Inherent in the patent of York, is the necessity that a significant portion of the laser beam be masked off to produce the required annular beam cross section. Because the caustic surfaces needed for corneal ablation are on the order of one square centimeter or more, present excimer laser technology is limited to about the radiation intensity mandated for such an area, and therefore any inefficiencies can be detrimental.
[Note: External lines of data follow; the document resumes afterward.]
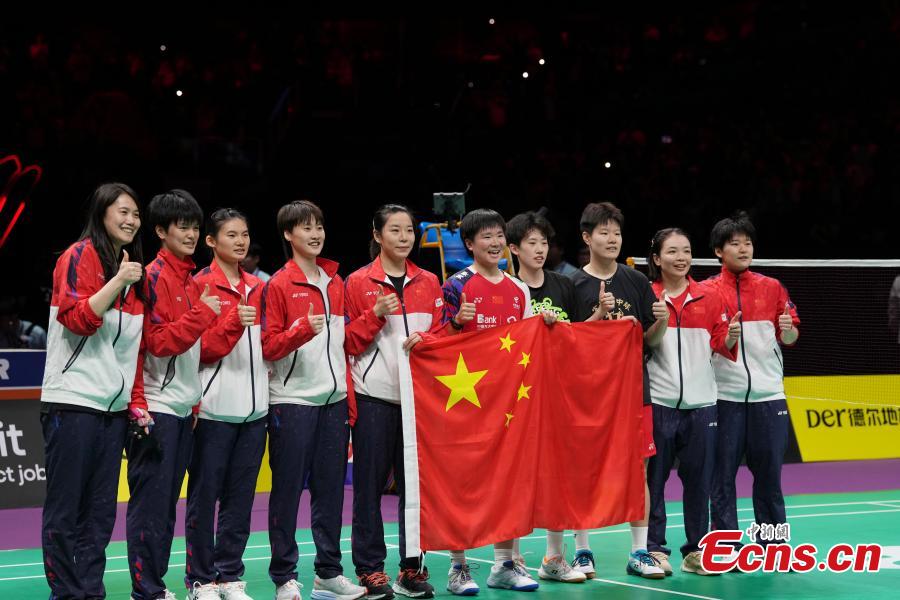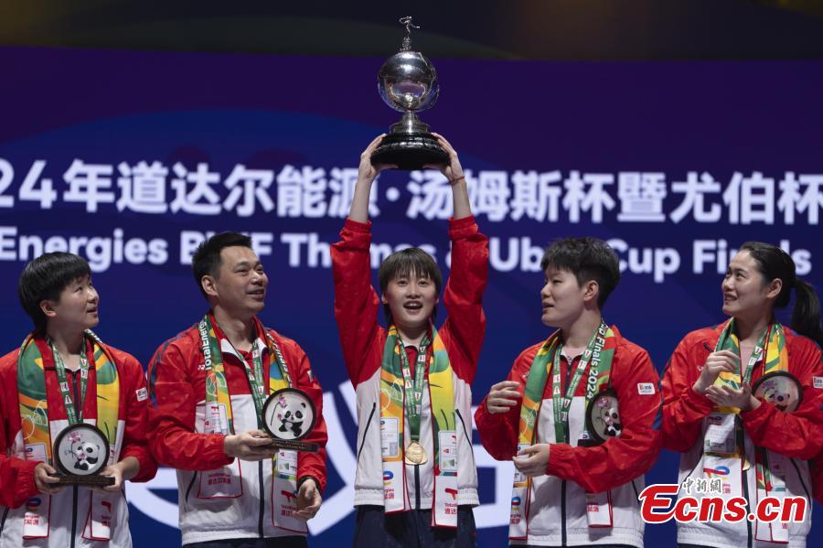 Team China celebrate during the awarding ceremony of the BWF Uber Cup Finals in Chengdu, southwest China's Sichuan Province, May 5, 2024. (Photo: China News Service/An Yuan)
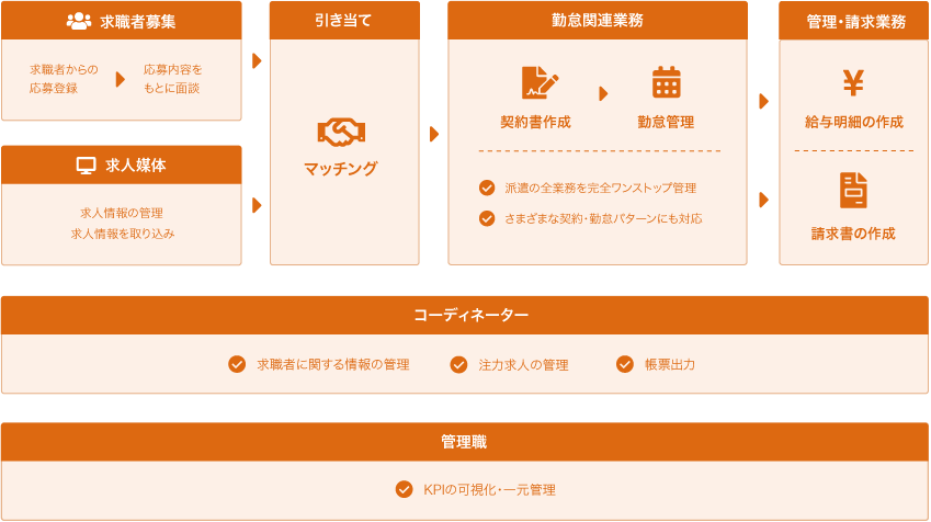 MatchinGood(マッチングッド)は求職者の募集・引き当てから契約・勤怠管理・請求業務までを一元管理できる、中小企業向けクラウド型業務基幹システムです。人材紹介業にも対応しており、小規模な人材紹介会社様や、人材派遣・紹介業を兼業されている企業様にもご活用頂いています。
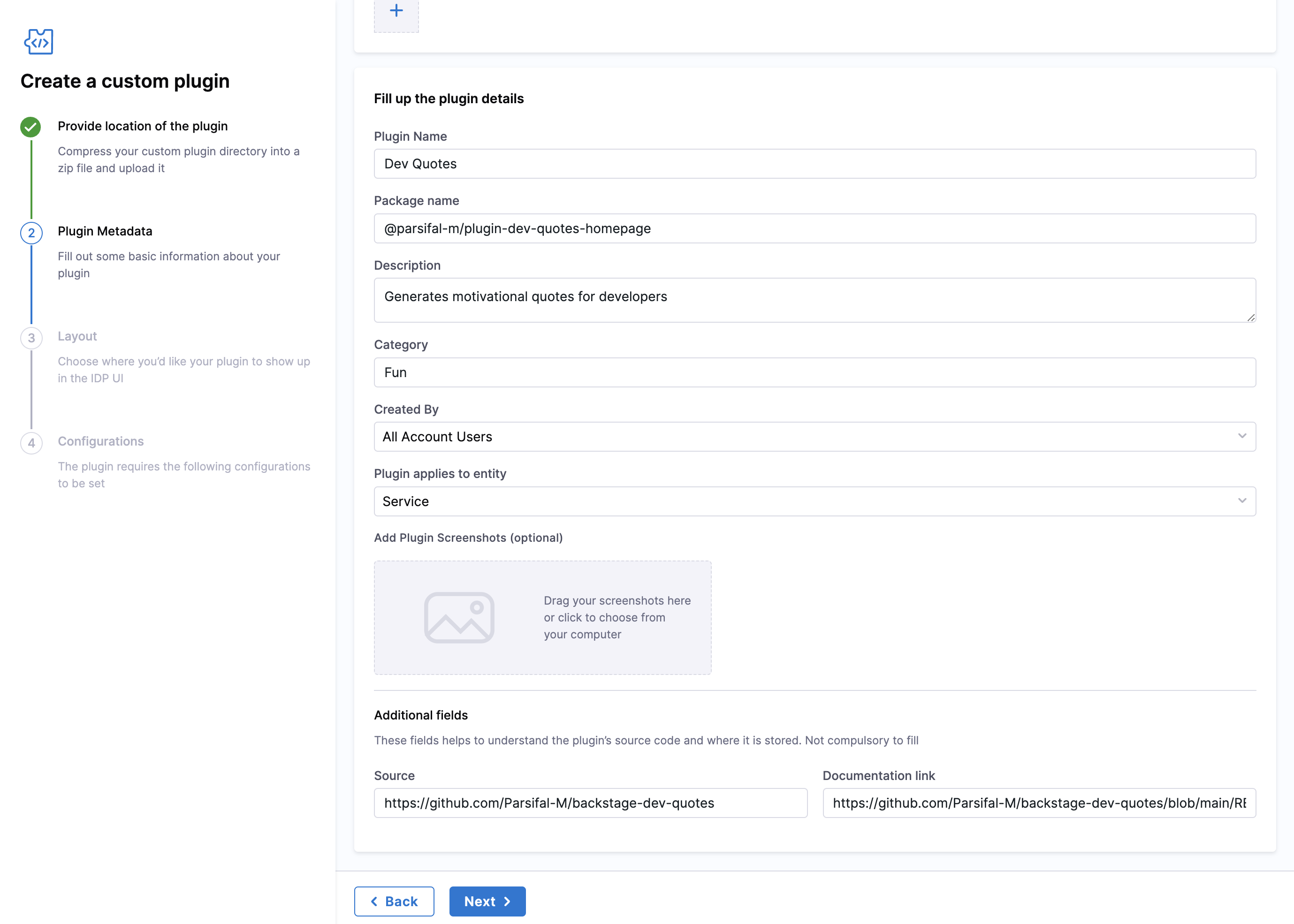 1. Now Click Next and start adding the Plugin Metadata. You have to fill the following fields
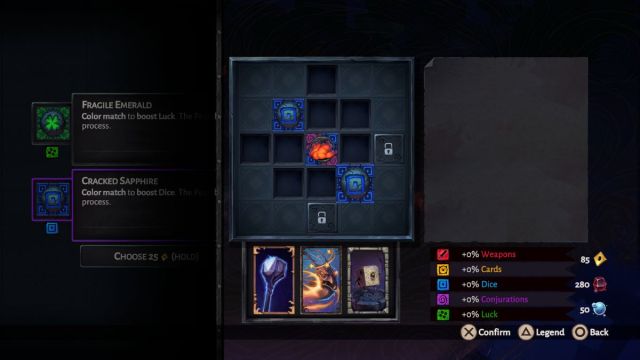 Finally, you also have a six-sided die you carry with you, named Fortune. You can toss fortune at enemies to deal damage based on the roll you get. It’s a really fun aspect. Your total arsenal consists of your card attack, basic attacks, charged attacks, and Fortune, so overall there’s a fair bit of variety. But all of this is impacted by your relics, as well.
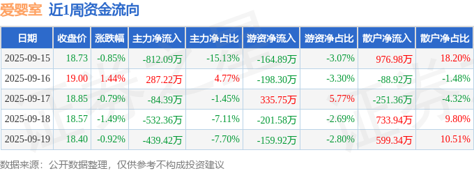 资金流向数据方面,本周爱婴室主力资金合计净流出1581.04万元,游资资金合计净流出388.95万元,散户资金合计净流入1969.99万元。本周资金流向一览见下表:
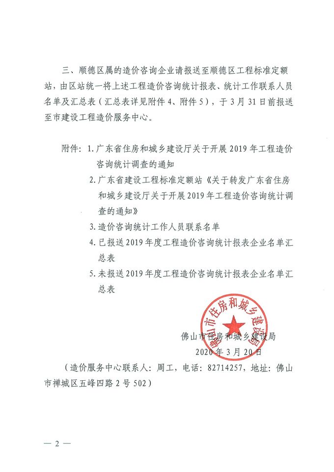 佛山市住房和城鄉建設局轉發廣東省住房和城鄉建設廳關于報送2019年工程造價咨詢統計報表的通知
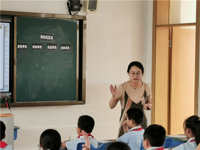 陈纯老师执教的三年级数学课《单位复习》。陈老师首先对质量单位、时间单位、长度单位、面积单位进行系统的复习,强调各单位之间的关系,并设计了填一填、想一想、连一连、改一改等环节,学生积极性高,课堂效率较好。
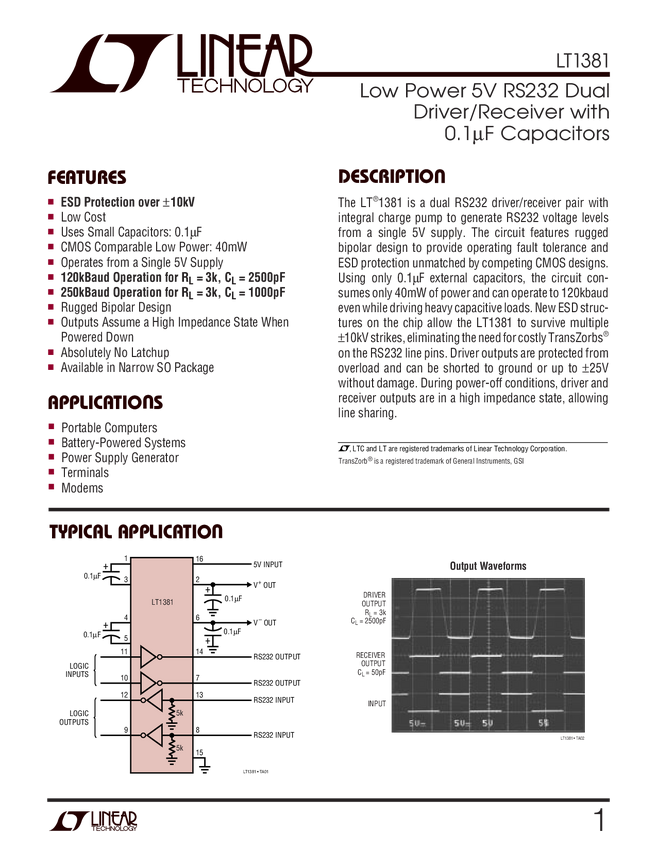 LT1381 Low Power 5V RS232 Dual Driver/Receiver with 0.1µF Capacitors
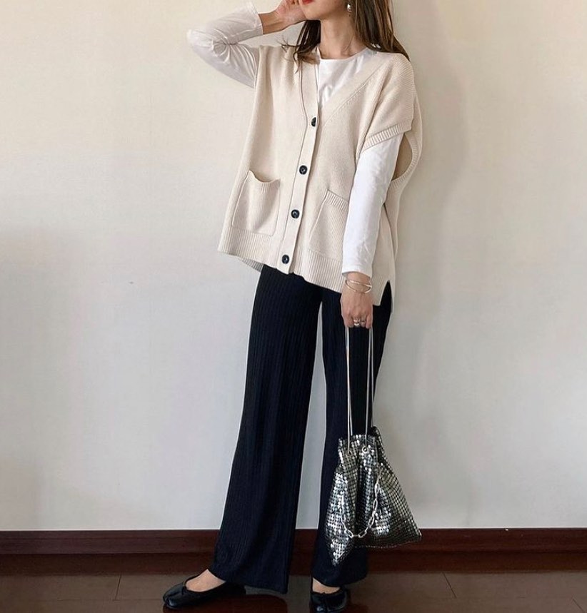 手持ちのロンTに、合わせるだけでOK👌今旬なニットベストに、挑戦してみたいですね🙌
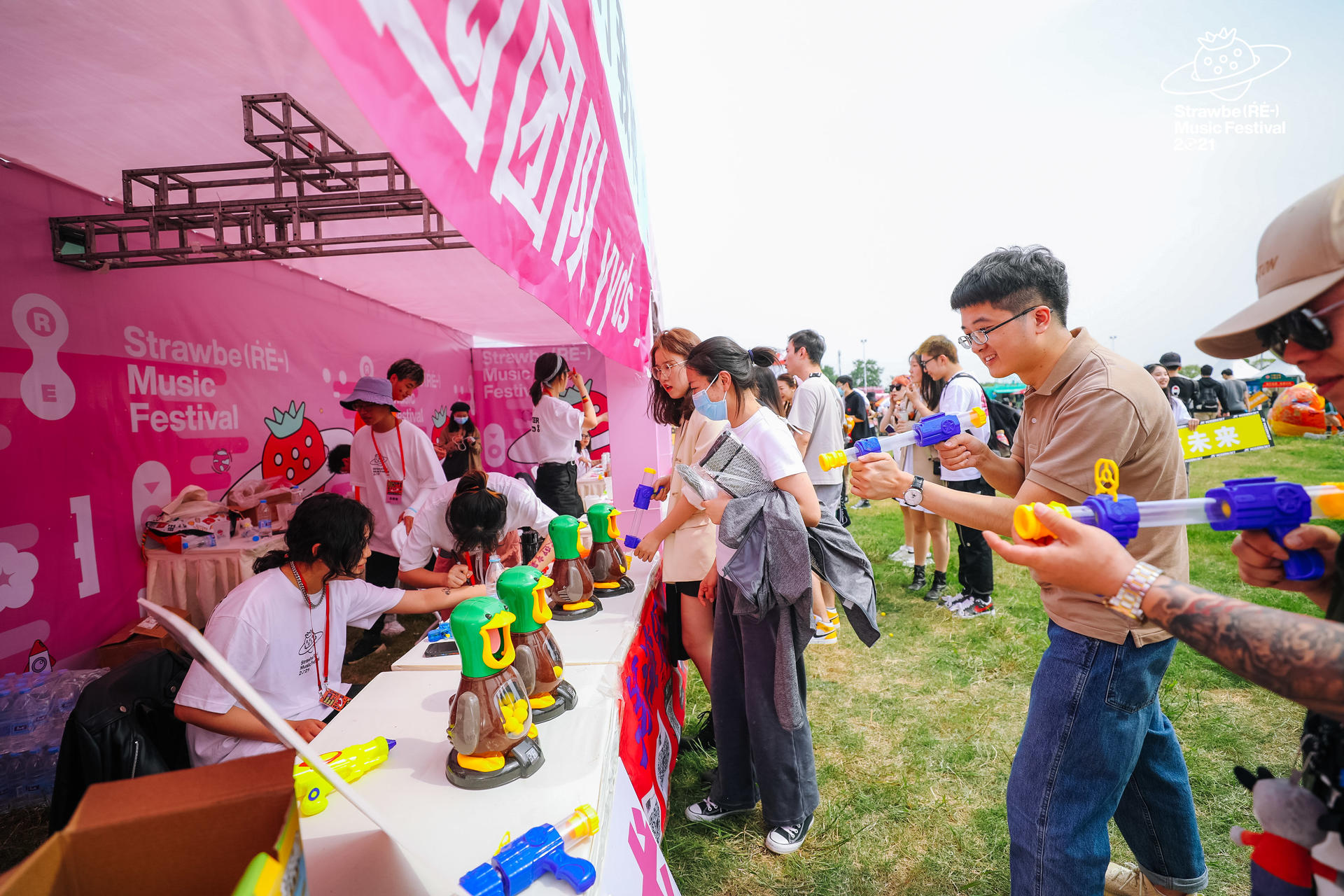 时隔五年,草莓星球再度回归南京,新裤子、痛仰、重塑雕像的权利、五条人、马赛克、海龟先生、陈粒、曹方等24组乐队和音乐人在两天里悉数登场,顶尖的阵容,堪称过年。LADFOOD为南京草莓在地内容专区主题「以鸭还鸭」打造主视觉,新奇又迷幻,潮流又怪诞,巨幅的画面成为现场热门的打卡点。长10米宽3米的LED屏打造了沉浸式互动体验空间,在这里你可以化身一颗草莓,或是隐匿成一条曲线。

So, it is also an object of this invention to utilize the available laser beam with maximum efficiency.
An essential optical element of this invention is a specialized conical lens called an axicon which in conjunction with a specialized mirror forms a catadioptric system which achieves the object of the invention relating to uniformity of radiation intensity. In the patent of Marshall, et.al. (U.S. Pat. No. 4,941,093) use is made of axicon lenses to produce continuously variable size annular beams for en face photoablation. However, the intensity within the annulus is not uniform making the successful application of an axicon or combination of axicons for photoablation, somewhat dubious. In the present invention, the application of an axicon is totally difference from the Marshall patent; this is not only because the tangential method rather than the en face method is being used here, but much more importantly, it is because the intensity non-uniformity of the axicon, in combination with the complementary intensity non-uniformity of the mirror of the present invention, creates the sought-after caustic of uniform intensity.
In addition to the refractive errors of myopia, hyperopia, and astigmatism, the inability of the eye to change its focus or accommodate, known as presbyopia, is an unavoidable problem that afflicts all humans past middle age. Recent work in the field of refractive aspheric and diffraction contact or interocular lenses has shown promise in the amelioration or correction of this visual problem.
It is a further object of this invention to provide a method and apparatus that will enable corneas to be ablated throughout a continuum of aspherical curvatures for the purpose of optimizing visual acuity over as large a depth of field as possible without changing the accommodation of the lens of the eye.